#### Task
Give again, unaltered, the lines of the listing below that run from the line having "Sol şeritten dört" through the line having "Составьте блок-схему алгоритма".

#### Data extracts
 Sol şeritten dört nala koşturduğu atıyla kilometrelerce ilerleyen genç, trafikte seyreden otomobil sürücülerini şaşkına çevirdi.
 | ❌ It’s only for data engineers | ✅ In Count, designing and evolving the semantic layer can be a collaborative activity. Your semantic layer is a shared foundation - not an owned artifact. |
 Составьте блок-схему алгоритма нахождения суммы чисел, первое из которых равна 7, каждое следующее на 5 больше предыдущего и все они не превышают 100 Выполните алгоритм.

...

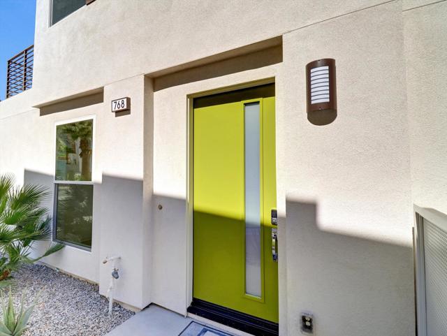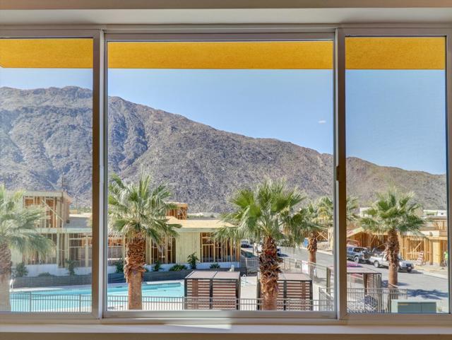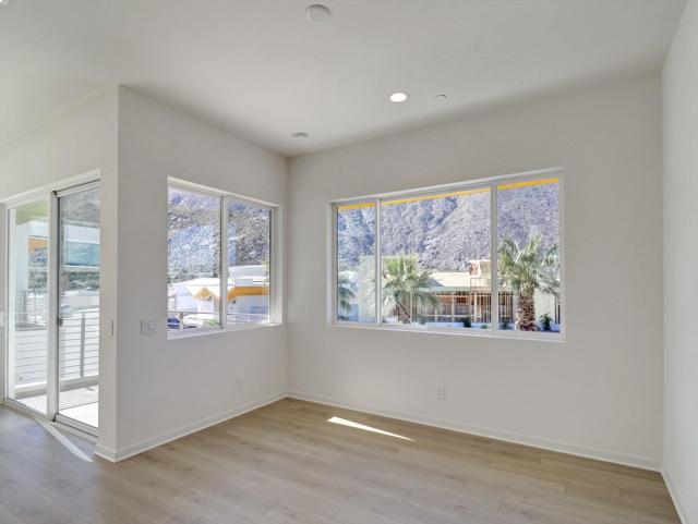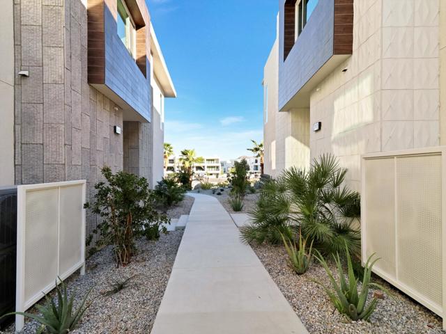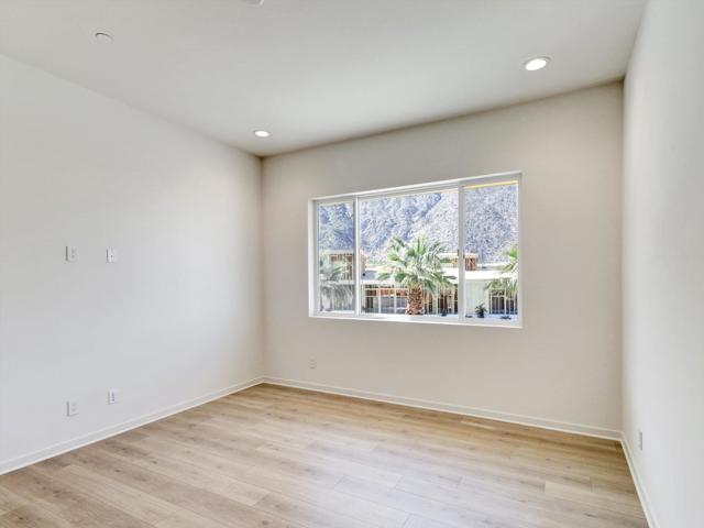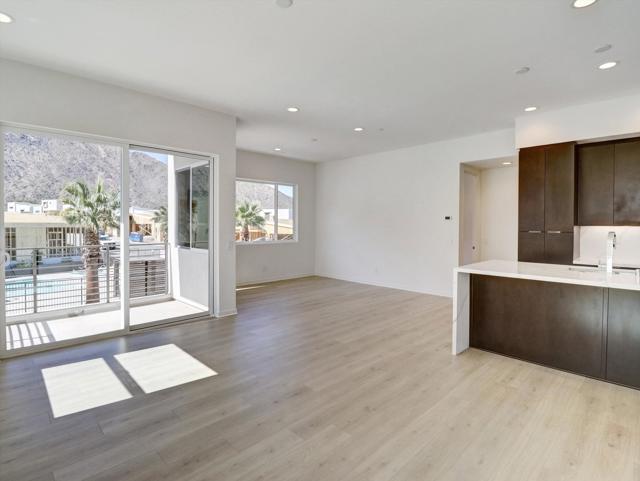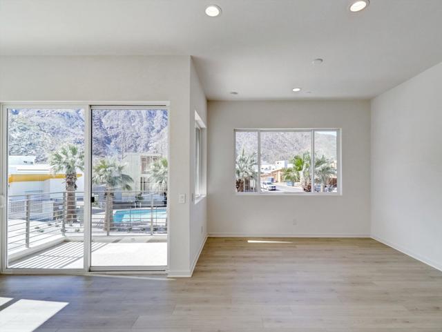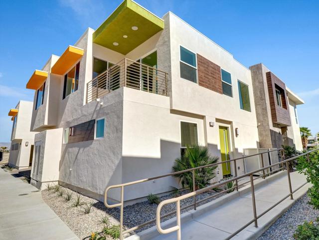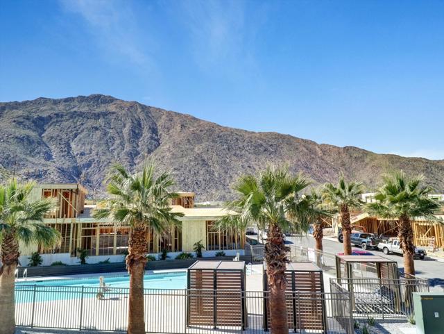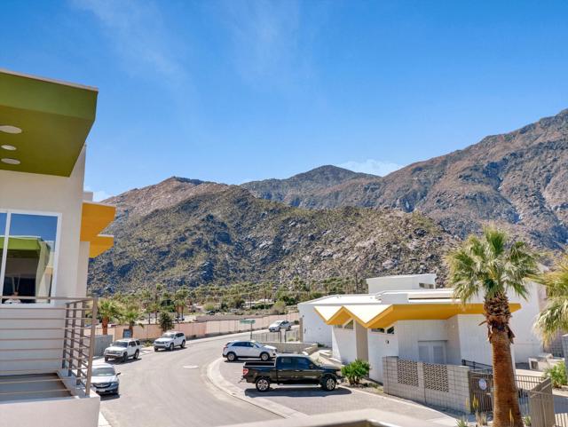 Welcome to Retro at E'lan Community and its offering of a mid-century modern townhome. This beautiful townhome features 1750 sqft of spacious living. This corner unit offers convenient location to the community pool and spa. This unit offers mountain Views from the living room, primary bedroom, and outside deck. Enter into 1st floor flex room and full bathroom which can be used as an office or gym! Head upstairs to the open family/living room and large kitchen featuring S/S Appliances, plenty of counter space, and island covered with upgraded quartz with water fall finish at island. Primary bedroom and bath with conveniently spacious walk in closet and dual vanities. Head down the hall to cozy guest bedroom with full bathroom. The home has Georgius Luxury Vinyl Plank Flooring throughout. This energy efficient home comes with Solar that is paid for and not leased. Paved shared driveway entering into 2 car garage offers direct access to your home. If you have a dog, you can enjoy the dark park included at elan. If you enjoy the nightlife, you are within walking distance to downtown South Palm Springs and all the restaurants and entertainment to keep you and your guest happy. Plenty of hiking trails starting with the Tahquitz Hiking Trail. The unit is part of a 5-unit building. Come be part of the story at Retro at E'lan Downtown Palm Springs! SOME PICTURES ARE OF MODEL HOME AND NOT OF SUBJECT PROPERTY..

#### Final answer
 Sol şeritten dört nala koşturduğu atıyla kilometrelerce ilerleyen genç, trafikte seyreden otomobil sürücülerini şaşkına çevirdi.
 | ❌ It’s only for data engineers | ✅ In Count, designing and evolving the semantic layer can be a collaborative activity. Your semantic layer is a shared foundation - not an owned artifact. |
 Составьте блок-схему алгоритма нахождения суммы чисел, первое из которых равна 7, каждое следующее на 5 больше предыдущего и все они не превышают 100 Выполните алгоритм.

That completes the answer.